### PROBLEM STATEMENT
Give back every line of the material below exactly, but no images.

### INFORMATION PROVIDED
⟨

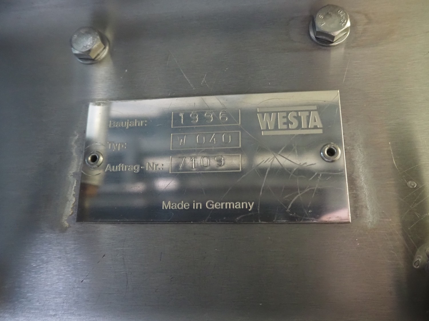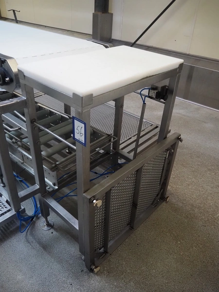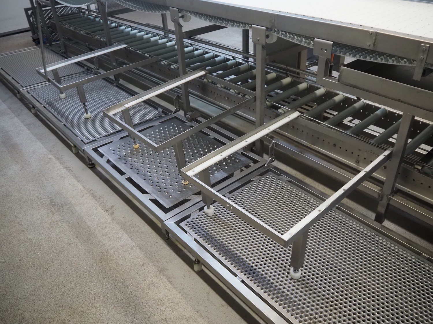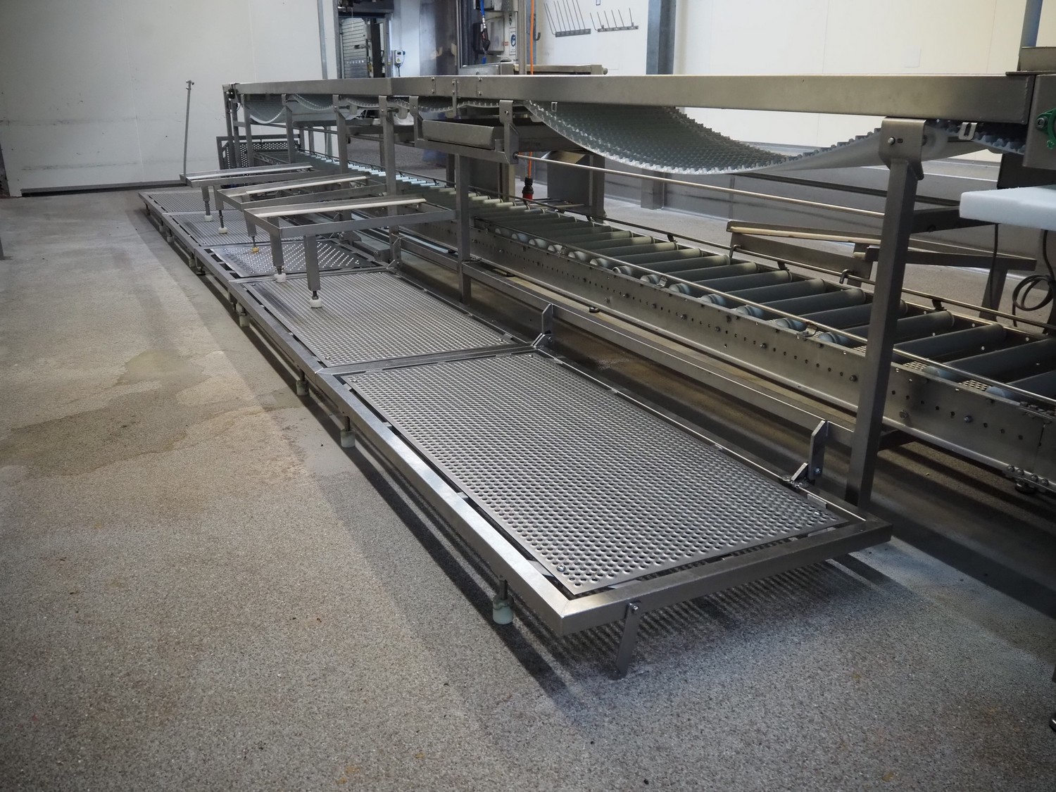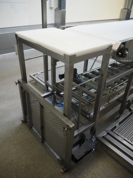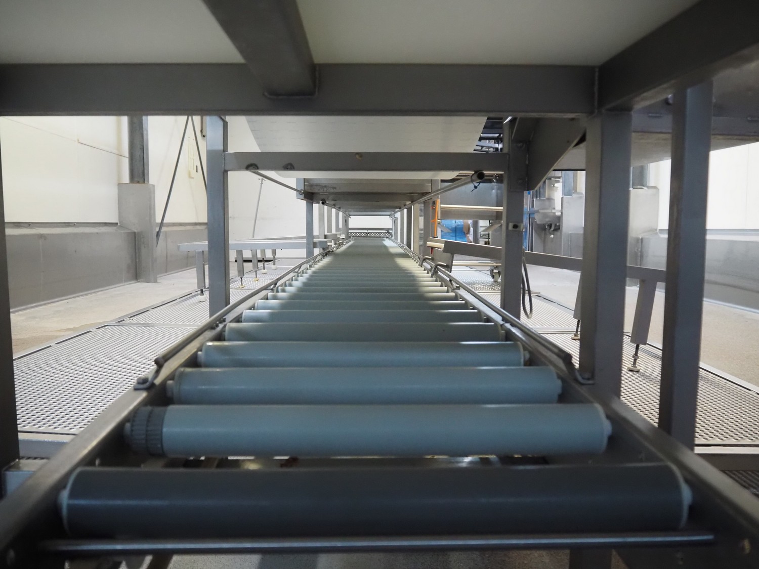 Westa deboning belt, type: W 040, number: 7109, year of construction: 1996, plastic roller infeed conveyor for crates, roller width: 460 mm, plastic deboning belt, belt width: 600 mm, plastic outfeed rollers, roller width: 460 mm, total dimensions: 7800 mm x 2400 mm x 1100 mm.
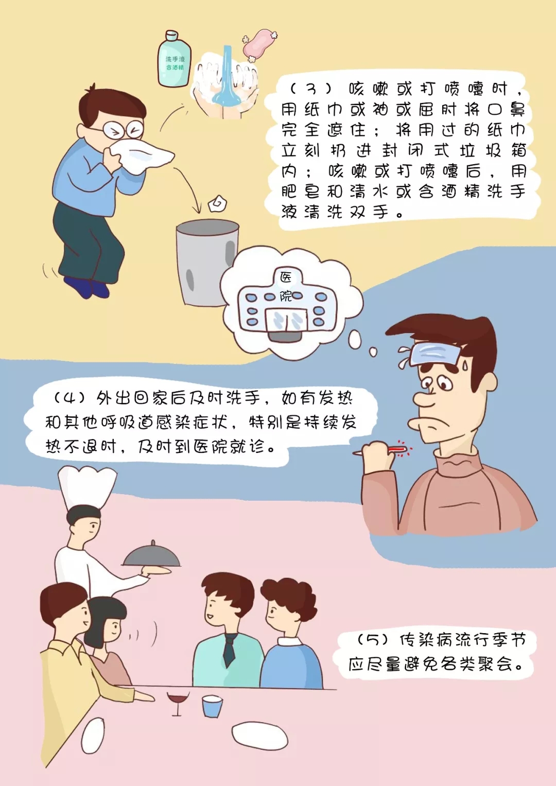 (5)傳染病流行季節(jié)應盡量避免各類聚會。
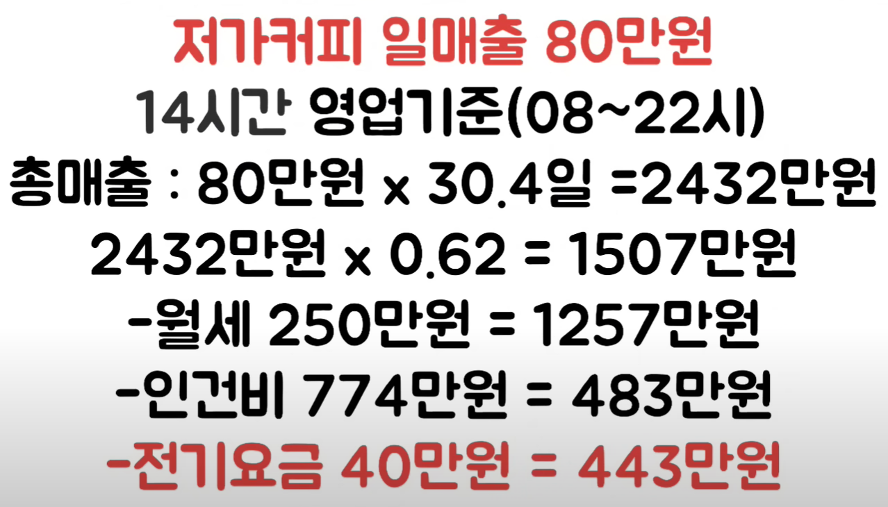 인건비는 15시간 미만으로 쪼개서 알바를 쓰거나 본인이 더 근무할 경우에는 이것보다 더 줄어들 수 있습니다. 그럼 1,257만 원 - 774만 원 하면 483만 원남았습니다. 이제 전기세를 차감해 줘야됩니다. 전기세의 경우 이번 연도에많이 인상이 되어서 12평 점포기준으로 40만 원 정도는 나옵니다. 물론 평수가 크면 더 나오겠죠. 그냥 40만원 정도로 잡고 계산해 보겠습니다. 483만원 - 40만원 하면 443만 원 남았습니다.

⟩

### YOUR SOLUTION
 Westa deboning belt, type: W 040, number: 7109, year of construction: 1996, plastic roller infeed conveyor for crates, roller width: 460 mm, plastic deboning belt, belt width: 600 mm, plastic outfeed rollers, roller width: 460 mm, total dimensions: 7800 mm x 2400 mm x 1100 mm.
 (5)傳染病流行季節(jié)應盡量避免各類聚會。
 인건비는 15시간 미만으로 쪼개서 알바를 쓰거나 본인이 더 근무할 경우에는 이것보다 더 줄어들 수 있습니다. 그럼 1,257만 원 - 774만 원 하면 483만 원남았습니다. 이제 전기세를 차감해 줘야됩니다. 전기세의 경우 이번 연도에많이 인상이 되어서 12평 점포기준으로 40만 원 정도는 나옵니다. 물론 평수가 크면 더 나오겠죠. 그냥 40만원 정도로 잡고 계산해 보겠습니다. 483만원 - 40만원 하면 443만 원 남았습니다.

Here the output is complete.